Top of Entries provided
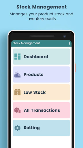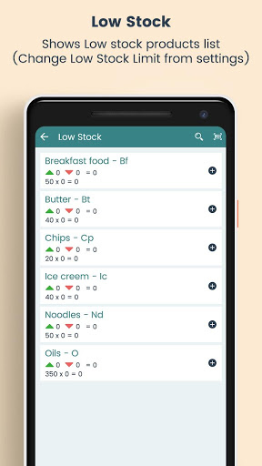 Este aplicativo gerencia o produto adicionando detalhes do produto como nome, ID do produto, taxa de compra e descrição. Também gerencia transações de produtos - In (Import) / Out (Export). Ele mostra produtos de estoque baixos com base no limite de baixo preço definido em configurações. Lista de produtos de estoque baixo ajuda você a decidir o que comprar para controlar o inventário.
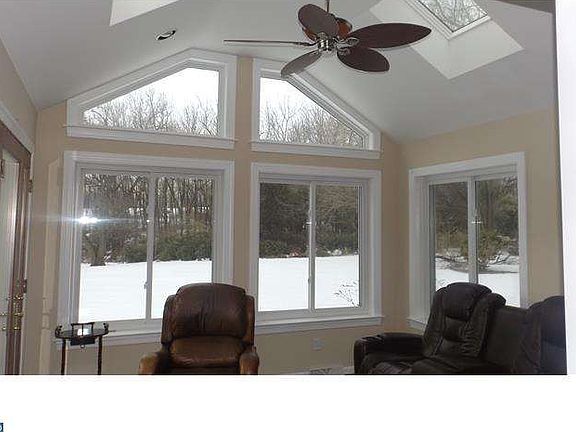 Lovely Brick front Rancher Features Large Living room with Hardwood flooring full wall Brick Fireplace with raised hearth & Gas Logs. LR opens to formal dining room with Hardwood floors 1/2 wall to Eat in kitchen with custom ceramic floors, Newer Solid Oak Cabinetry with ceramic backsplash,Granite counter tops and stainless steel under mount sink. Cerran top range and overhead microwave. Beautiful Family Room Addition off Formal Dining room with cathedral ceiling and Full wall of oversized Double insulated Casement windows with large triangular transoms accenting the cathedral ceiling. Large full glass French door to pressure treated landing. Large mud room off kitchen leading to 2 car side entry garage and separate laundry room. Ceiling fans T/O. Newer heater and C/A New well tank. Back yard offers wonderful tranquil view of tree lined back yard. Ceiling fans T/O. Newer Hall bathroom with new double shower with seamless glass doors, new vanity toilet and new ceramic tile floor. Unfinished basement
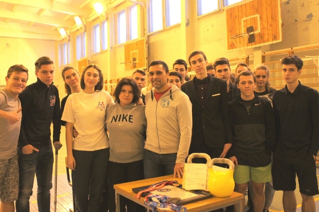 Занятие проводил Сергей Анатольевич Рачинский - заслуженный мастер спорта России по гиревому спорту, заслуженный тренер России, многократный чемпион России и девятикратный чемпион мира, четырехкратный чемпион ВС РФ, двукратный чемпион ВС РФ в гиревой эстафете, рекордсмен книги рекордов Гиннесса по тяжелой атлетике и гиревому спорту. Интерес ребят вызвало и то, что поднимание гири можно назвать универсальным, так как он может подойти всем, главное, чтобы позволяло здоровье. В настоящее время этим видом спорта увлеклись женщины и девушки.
Bottom of Entries provided
Top of Entries provided
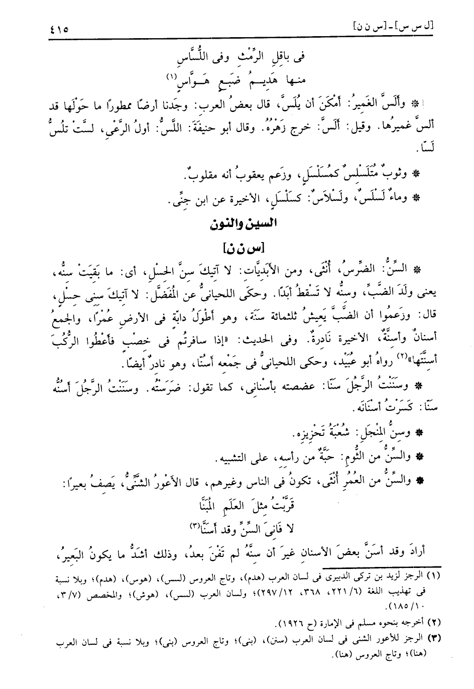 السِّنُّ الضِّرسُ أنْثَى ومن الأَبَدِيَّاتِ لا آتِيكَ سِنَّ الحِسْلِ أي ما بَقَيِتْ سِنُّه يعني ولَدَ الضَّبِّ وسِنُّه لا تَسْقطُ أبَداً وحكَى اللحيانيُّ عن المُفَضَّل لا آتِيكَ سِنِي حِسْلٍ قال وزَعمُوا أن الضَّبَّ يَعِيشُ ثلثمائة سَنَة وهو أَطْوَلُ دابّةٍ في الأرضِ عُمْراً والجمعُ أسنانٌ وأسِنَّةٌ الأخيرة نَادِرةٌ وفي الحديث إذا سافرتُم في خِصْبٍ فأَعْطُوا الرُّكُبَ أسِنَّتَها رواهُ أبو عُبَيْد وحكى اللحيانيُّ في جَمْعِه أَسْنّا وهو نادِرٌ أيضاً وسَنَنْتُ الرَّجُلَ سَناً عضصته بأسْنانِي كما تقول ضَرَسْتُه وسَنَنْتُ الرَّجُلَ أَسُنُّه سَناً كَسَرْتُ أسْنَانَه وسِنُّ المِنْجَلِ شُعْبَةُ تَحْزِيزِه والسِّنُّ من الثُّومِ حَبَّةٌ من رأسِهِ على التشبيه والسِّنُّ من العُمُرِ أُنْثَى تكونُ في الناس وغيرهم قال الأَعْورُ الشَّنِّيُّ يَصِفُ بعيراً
Bottom of Entries provided
Exercise directions: Leaving out all pictures, set down exactly the lines of the material above, from the line with "Este aplicativo gerencia" to the line with "Занятие проводил Сергей" inclusive, and no others.

Answer to this exercise:
 Este aplicativo gerencia o produto adicionando detalhes do produto como nome, ID do produto, taxa de compra e descrição. Também gerencia transações de produtos - In (Import) / Out (Export). Ele mostra produtos de estoque baixos com base no limite de baixo preço definido em configurações. Lista de produtos de estoque baixo ajuda você a decidir o que comprar para controlar o inventário.
 Lovely Brick front Rancher Features Large Living room with Hardwood flooring full wall Brick Fireplace with raised hearth & Gas Logs. LR opens to formal dining room with Hardwood floors 1/2 wall to Eat in kitchen with custom ceramic floors, Newer Solid Oak Cabinetry with ceramic backsplash,Granite counter tops and stainless steel under mount sink. Cerran top range and overhead microwave. Beautiful Family Room Addition off Formal Dining room with cathedral ceiling and Full wall of oversized Double insulated Casement windows with large triangular transoms accenting the cathedral ceiling. Large full glass French door to pressure treated landing. Large mud room off kitchen leading to 2 car side entry garage and separate laundry room. Ceiling fans T/O. Newer heater and C/A New well tank. Back yard offers wonderful tranquil view of tree lined back yard. Ceiling fans T/O. Newer Hall bathroom with new double shower with seamless glass doors, new vanity toilet and new ceramic tile floor. Unfinished basement
 Занятие проводил Сергей Анатольевич Рачинский - заслуженный мастер спорта России по гиревому спорту, заслуженный тренер России, многократный чемпион России и девятикратный чемпион мира, четырехкратный чемпион ВС РФ, двукратный чемпион ВС РФ в гиревой эстафете, рекордсмен книги рекордов Гиннесса по тяжелой атлетике и гиревому спорту. Интерес ребят вызвало и то, что поднимание гири можно назвать универсальным, так как он может подойти всем, главное, чтобы позволяло здоровье. В настоящее время этим видом спорта увлеклись женщины и девушки.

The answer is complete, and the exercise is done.